WARY taxpayers in the San Mateo Union High School District have to be keeping their fingers crossed these days. The district's handling of financing aspects of projects related to a $137 million construction bond issue approved by voters in 2000 has been less than stellar. In a nutshell, by borrowing needed money to be repaid with anticipated revenues that didn't pan out as projected, the district is in a bind. Again.
Last week, its trustees considered a proposal to bundle the district's loans, trimming the first-year payment to $475,000. It is expected that the board members will vote on the arrangement March 8. But that's not all. The $137 million bond measure is not alone. Last November, the generous citizenry went even further. In an act of somewhat surprising faith, they voted to OK another massive district bond package, in spite of strong evidence of fiduciary fumbling. That one was for a whopping $298 million. So, now, the district and its officials are dealing with what amounts to a mountain of moolah, a grand total of $435 million. The figure especially when you factor in interest payments of perhaps $350 million or so is really quite stunning.
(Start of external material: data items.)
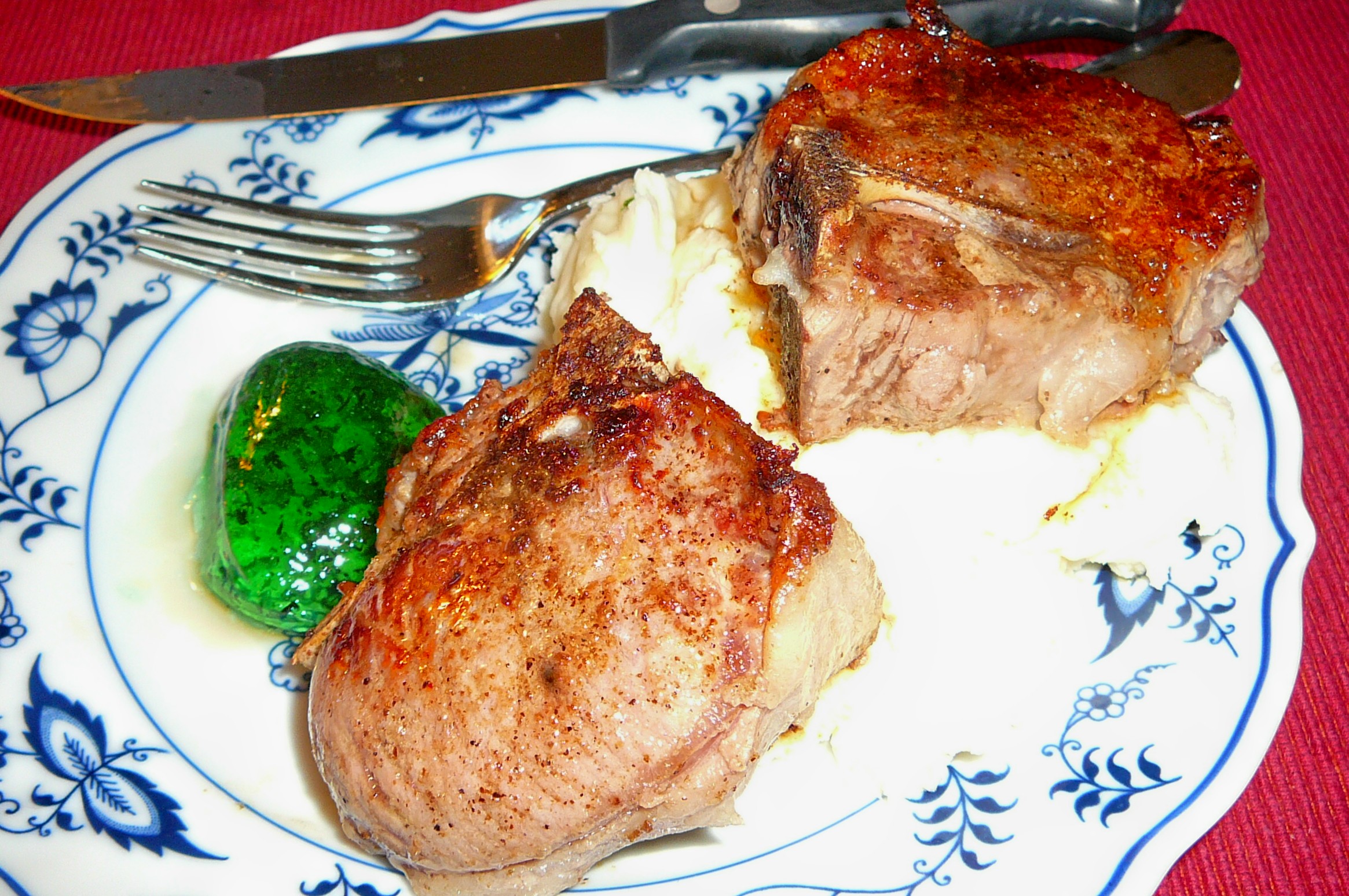 | Dust the chops, liberally, with the seasonings. Pan fry until done! | |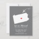 Modern moving announcement featuring the state of Pennsylvania with a red heart & airplane set on a gray background. The background color can be changed easily by clicking personalize and then click to customize further to view our color picker. From there you can also move the airplane & heart! Contact our shop if you require help or need another state.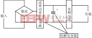 低压通用变频器,其主电路控制方式一般采用VVVF变频、矢量控制变频、直接转矩控制变频和矩阵式交-交控制变频等。除采用矩阵式交步豢刂品绞降谋淦灯魍猓另三种控制方式的变频器其电路结构均为交-直-交变频。其共同点是输入功率因数低、谐波电流大,直流电路均需要大的储能电容。而矩阵式交-交变频虽省去了中间直流环节,从而省去了体积大、价格贵的电解电容器。但该技术目前尚未成熟,不能推广应用。因此在目前实用的变频器中,均需使用大型铝电解电容器来平滑变频电路的输入电压。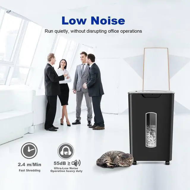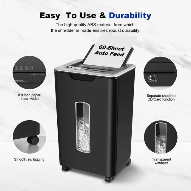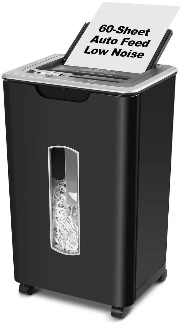60-Sheet Auto Feed & Dual Shredding ModesEffortlessly shred up to 60 sheets automatically or switch to manual mode for smaller tasks. Perfect for handling large volumes of documents with ease. ^^ Whisper-Quiet Operation at 55dBDesigned for a peaceful workspace, this shredder operates at just 55dB, making it one of the quietest shredders on the market. Ideal for home offices or shared spaces. ^^ P-4 Cross-Cut SecurityThis P-4 cross-cut shredder turns documents into tiny 4 x 36mm particles, providing enhanced security for sensitive information. It can handle staples, ensuring thorough shredding.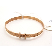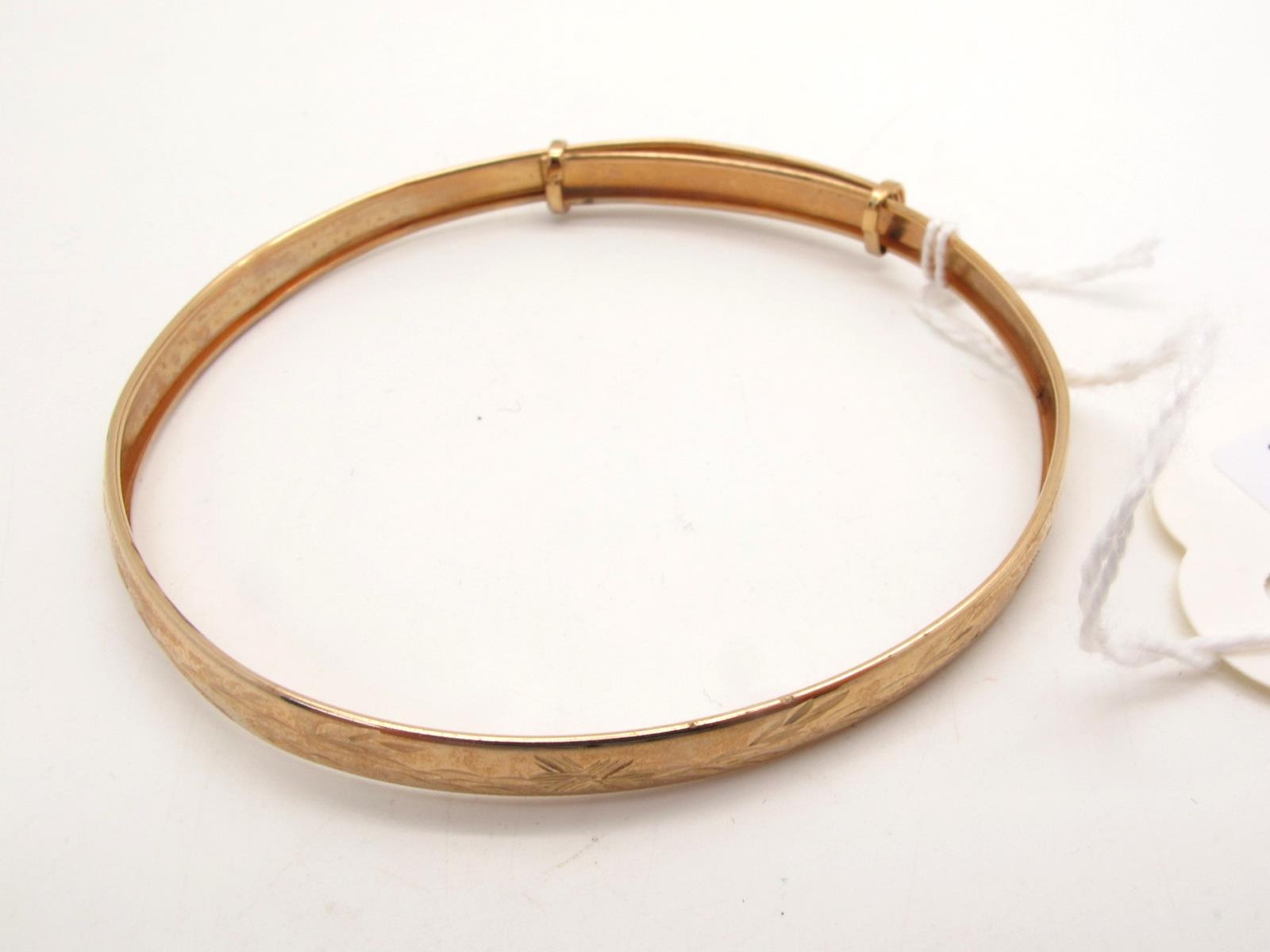 A Modern Expanding Bangle, with bright cut engraved decoration, stamped "375" (3grams).
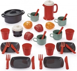 Teller, Besteck, Becher, Tassen, Kännchen mit Deckel, Topf mit Deckel, Obst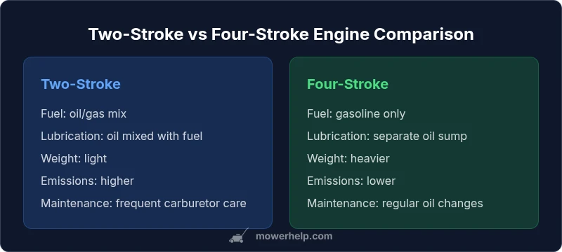 Choosing between two stroke vs four stroke lawn mower engines is a common topic for homeowners. The phrase 'two stroke vs four stroke lawn mower' captures the core decision: how the engine is built, how it is lubricated, and how it consumes fuel. According to Mower Help, the main drivers for this choice are yard size, maintenance tolerance, and long-term cost of ownership. Two-stroke engines mix oil into the fuel, delivering a lightweight, inexpensive option that starts easily and works well for small, portable tasks. Four-stroke engines keep engine oil separate and rely on a sump, giving cleaner operation, better fuel economy, and extended service life, but at the cost of extra weight and higher upfront price. In practice, most homeowners with medium-to-large lawns end up favoring four-stroke engines for reliability and emissions considerations, while hobbyists with tight budgets or occasional, quick jobs may opt for two-stroke models when portability and cost are primary concerns.

And the question becomes: If the district's policy-makers found themselves flummoxed by the twists and turns of dealing with the first bond, what happens with the second one? Fortunately, the district is getting some help. The San Mateo County Office of Education is monitoring all of this very carefully. Thank goodness. The stakes and the public dollars involved are large. And confidence in the district's ability to deal with that pile of cash is ebbing away quickly.
CRESTMOOR HIGH Still on the subject of the high school district, it has been noted that one of the properties used as loan collateral has been Crestmoor High School. The San Bruno campus hasn't been used as a comprehensive secondary institution since 1980. The district hasn't made a concerted effort to sell off even a portion of the acreage for many years. But, if Crestmoor is collateral, then it must have value as real estate. Why else would a lender agree to the loan? Perhaps it's time to take another look at Crestmoor. In the past, San Bruno officials have opposed any development on the site. District Superintendent Sam Johnson has steadfastly indicated that Crestmoor is a resource he doesn't want to lose. But, who knows, maybe times and financial pressures have changed in this regard
- Written by Fiona
"its trustees considered a proposal to bundle the district's loans, trimming the first-year payment to $475,000."
How can a district that owes $73 million only pay $475,000 per year in payments toward the loan? What are the size of the loan payments in the future?
This is very misleading. Is it that in the first year, only an additional $475,000 beyond the developer's fees will be needed?
Why are the developer's fees going to construction and not into the classroom as intended.
Even if developer's fees can go into construction, why would we use these for construction when they are better used for the classroom. We approved bond money for construction.